5. Key Design Decisions & Considerations

  • Event Tap Threading: Using a separate thread and CFRunLoop for the event tap is essential for responsiveness and preventing blocking the main UI thread.
  • Atomic Flags: std::atomic<bool> is used for isMonitoring and stopRequested to ensure thread-safe communication between the main thread and the monitor thread.
  • std::unique_ptr: Used extensively for managing the lifetime of Event objects in the InputLogger and during file loading, preventing memory leaks.
  • Event Simulation API: CGEventPost with kCGHIDEventTap provides a robust way to inject low-level input events.
  • Error Handling: Added NULL checks after CGEventCreate... calls to prevent crashes if the system fails to create an event. Basic exception handling is present in file I/O and simulation loops.
  • JSON Persistence: JSON provides a human-readable and relatively easy-to-parse format for saving/loading events.

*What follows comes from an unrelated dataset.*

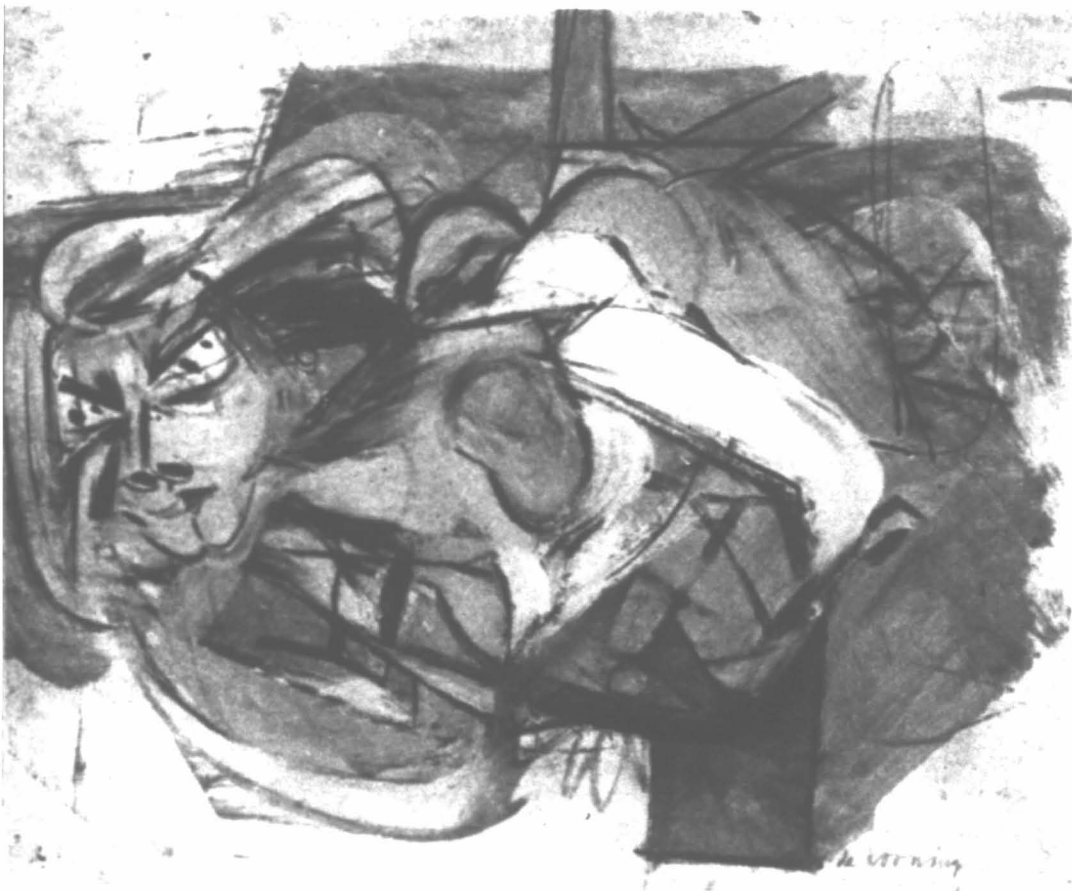
RECLINING WOMAN. Pastel. Sidney Janis Gallery.

6. Future Enhancements / Areas for Improvement

  • More robust error handling throughout the application.
  • Support for simulating modifier key combinations more explicitly.
  • Refined simulation timing (potential inaccuracies in sleep_for).
  • Support for different file formats (e.g., binary for efficiency).
  • More sophisticated event filtering or transformation options.